**Work instruction:**
Please retype, word for word, the line containing "In der gedruckter" and every line after it through the end of the records, leaving out all pictures.

Task input Block Start

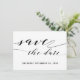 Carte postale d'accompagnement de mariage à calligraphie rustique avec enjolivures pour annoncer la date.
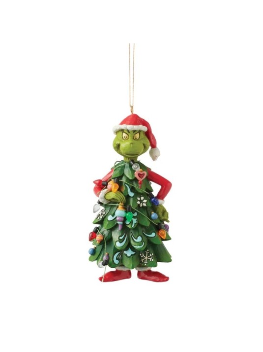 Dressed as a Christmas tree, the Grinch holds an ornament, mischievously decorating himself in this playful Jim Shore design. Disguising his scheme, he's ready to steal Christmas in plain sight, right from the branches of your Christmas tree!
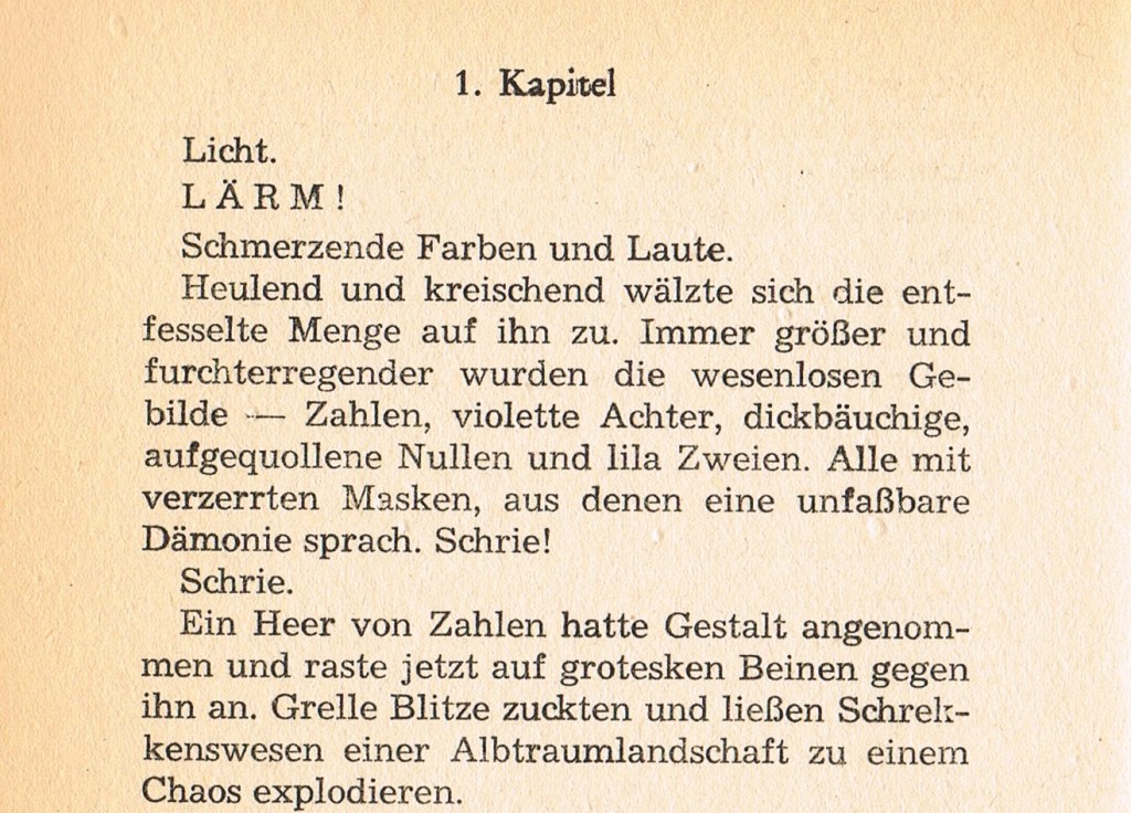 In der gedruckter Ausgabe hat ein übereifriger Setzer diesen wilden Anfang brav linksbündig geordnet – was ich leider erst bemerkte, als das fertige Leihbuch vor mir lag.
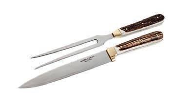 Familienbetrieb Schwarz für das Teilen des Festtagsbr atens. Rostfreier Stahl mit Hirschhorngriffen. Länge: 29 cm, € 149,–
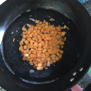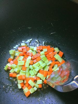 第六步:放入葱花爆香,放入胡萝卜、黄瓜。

Task input Block End

**Exercise result:**
 In der gedruckter Ausgabe hat ein übereifriger Setzer diesen wilden Anfang brav linksbündig geordnet – was ich leider erst bemerkte, als das fertige Leihbuch vor mir lag.
 Familienbetrieb Schwarz für das Teilen des Festtagsbr atens. Rostfreier Stahl mit Hirschhorngriffen. Länge: 29 cm, € 149,–
 第六步:放入葱花爆香,放入胡萝卜、黄瓜。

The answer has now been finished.